В дальнейшем был проведен кластерный анализ для оценки выраженности выделенных семейных стилей поведения. Кластерный анализ проводился методом К средних. В основу кластеризации легло разделение респондентов по выраженности в ответах четырех посттравматических адаптационных стилей поведения в семье: оцепеневший, диссоциированный; тревожно-оберегающий; боец; преодолевающий травму. Первоначально были заданы четыре, затем три кластера. Их выделение оказалось недостаточно информативным. Дистанция между кластерами не была выраженной. Группировка по стилям в два кластера была наиболее информативна (См. рис. 1-2).

Рис. 1 Дистанции между кластерами 1 («эмоциональный) и 2 («неэмоциональный»)

Distances between Final Cluster Centers Number of Cases in each Cluster
Cluster 1 2 Cluster 1 233
1 1,80361108 2 150
2 1,80361108 Valid 383

Рис. 2  Различия средних значений между кластерами 1 («эмоциональный) и 2 («неэмоциональный»)

стили Кластер 1 Кластер 2
Оцепеневший, диссоциированный 1 5
Тревожно-оберегающий 1,8 4,5
Боец 1,8 4,5
Преодолевающий травму 1,3 3,9

 

Рис. 3

В первый кластер вошло 233 ответивших, во второй – 150. В дальнейшем, после содержательного анализа, эти два кластера получили название «эмоциональный» и «неэмоциональный». Респонденты в кластере 1 («эмоциональный») имеют равно низкие показатели по каждому параметру – стилю, респонденты в кластере 2 («неэмоциональный»), напротив – высокие. Самые сильные различия – по параметру оцепеневшего, диссоциированного стиля (1 и 5) и преодолевающего травму (1,3 и 3,9). По параметрам тревожно-оберегающего стиля и стиля «боец» «эмоциональный» и «неэмоциональный» кластеры сближаются. Качественный анализ ответов респондентов в двух кластерах – «эмоциональном» и «неэмоциональном» — был проведен путем суммации однозначно положительных и скорее положительных ответов, однозначно отрицательных и скорее отрицательных ответов по каждой шкале в первой и второй части анкеты и их сравнения. Необходимо было посмотреть, как отличаются и к каким утверждениям тяготеют респонденты в каждом кластере).

  • Выводы.

В двух кластерах выделяются различия в эмоциональном опыте семей. В первом, «эмоциональном», кластере демонстрация чувств приветствовалось и выражалась в объятиях, словах нежности, разговорах «по душам» и прочих проявлениях привязанности между членами семьи (между родителями-супругами, между родителями и детьми). Во втором, «неэмоциональном», кластере 74% ответов — о согласии с тем, что открытое проявление чувств в семье не приветствовалось, среди их проявлений преобладали забота, желание накормить, косвенная демонстрация привязанности через шутки и сдержанную похвалу.

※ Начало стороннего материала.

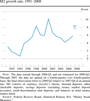 M2 is estimated to have expanded at an annual rate of 7-3/4 percent over the first half of 2008, notably faster than the likely growth rate of nominal GDP. Demand for money balances was supported by declines in the opportunity cost of holding money relative to other financial assets and by strong demand for safe and liquid assets amid volatility and strains in financial markets. Money market mutual fund shares grew particularly rapidly in the first quarter. However, growth of money market mutual funds dropped considerably in the second quarter, and small time deposits contracted; M2 slowed accordingly. Demand for currency continued to be lackluster for the most of the first half-year, but it picked up noticeably late in the second quarter as domestic demand grew and foreign demand was estimated to be less weak.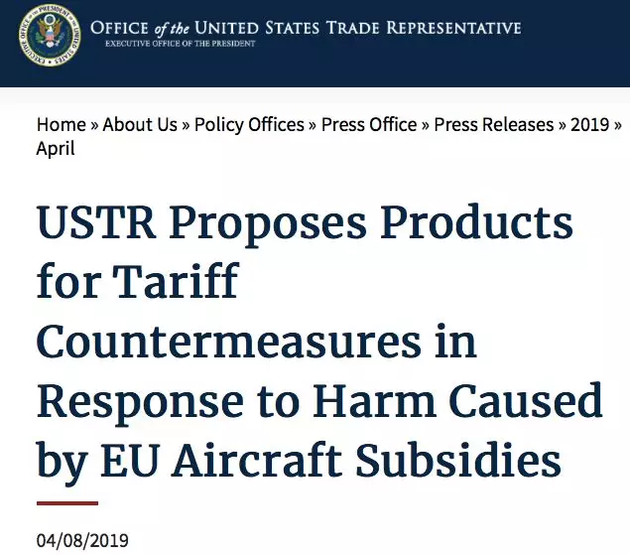 4月8日,美国贸易代表办公室(USTR)公布了一份初步关税报复清单,涉及的欧盟商品总价值110亿美元。美国认为,这刚好等于欧盟对空客的补贴给美国造成的贸易损失。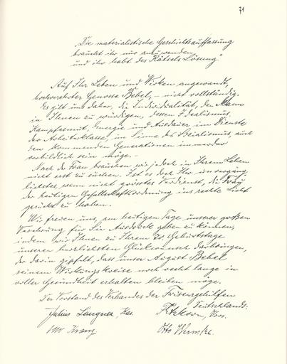 | Keywords: Goldenes Buch zum 70. Geburtstag August Bebel 1910 Seite 071.jpg Goldenes Buch zum 70 Geburtstag August Bebel 1910 Seite_ jpg 070 072 Glückwunschschreiben zum 70 Geburtstag von August Bebel Vorstand des Verbandes der Friseurgehilfen Deutschlands August Bebel zum siebzigsten Geburtstag 22 Februar 1910 / mit einer Nachbemerkung von Ursula Herrmann Reprint des Unikats aus dem Zentralen Parteiarchiv der SED Dietz Verlag Berlin 1989 Lizenzausgabe Saur 1989 ISBN 3-598-07256-2 self scanned from own book 1910 Diverse Goldenes Buch zum 70 Geburtstag August Bebel 1910 PD-old-70-1923 |

Более половины положительных ответов в «неэмоциональном» кластере – о согласии с тем, что выражать чувства дома и вовне было опасно. Противоречивость и неосознанность чувств фиксируется в этом кластере наряду с отсутствием эмоционального контакта между старшими и младшими поколениями в семье, близкие часто выглядели ко всему безучастными. Столько же свидетельств в пользу того, что старшие близкие могли впасть в неконтролируемую ярость и после сокрушаться об этом, близкие часто разговаривали на повышенных тонах, чтобы донести до других свое мнение.  59% ответов — о согласии с утверждением, что дети в семье никогда не знали, что расстроит их близких. 56% — с тем, что ощущения близости и доверия в семье не было. 59%: близость между родителями и детьми была редкой.

В «эмоциональной» группе 44% положительных признаний в том, что старшие близкие говорили детям о том, что они важны для семьи. В «неэмоциональной» же, напротив 66% подтверждений того, что близкие не признавались в том, что их любят. 77% положительных ответов во втором кластере — кластере в пользу того, что взрослые прибегали к чувству стыда и вины для контроля за поведением детей. 42% согласий с тем, что в семье с трудом устанавливали правила, касающиеся поведения детей.

Таким образом, ключевым фактором различия между кластерами является интенсивность и правила демонстрации эмоциональной близости (См. Таблица 2):

  • Кластер 1: демонстрация чувств приветствовалось и выражалась в объятиях, словах нежности, разговорах «по душам» (между родителями-супругами, между родителями и детьми).
  • Кластер 2: открытая демонстрация чувств в семье не приветствовалось, среди их проявлений преобладали забота, желание накормить, косвенная демонстрация привязанности через шутки, сдержанную похвалу.

По вопросам о частоте воспоминаний и разговоров о репрессиях различия в двух кластерах невелики, при этом респонденты придерживаются противоречивых суждений. Тревожность и гиперопека характерны для семей в обеих группах  и проявлялась как в «эмоциональном», так и в «неэмоциональном» кластере в том, в семье всегда существовали ритуалы, связанные с ценностью еды, в семье все беспокоились по любому поводу, старшие всегда должны были знать, где находятся их дети. В современных репаративных стратегиях поведения с этим сопрягается важность контроля и самоконтроля: «для меня важно все контролировать»; «мне очень трудно просто расслабиться»; «я чувствую себя ответственным за счастье близких», которые «кажутся мне уязвимыми».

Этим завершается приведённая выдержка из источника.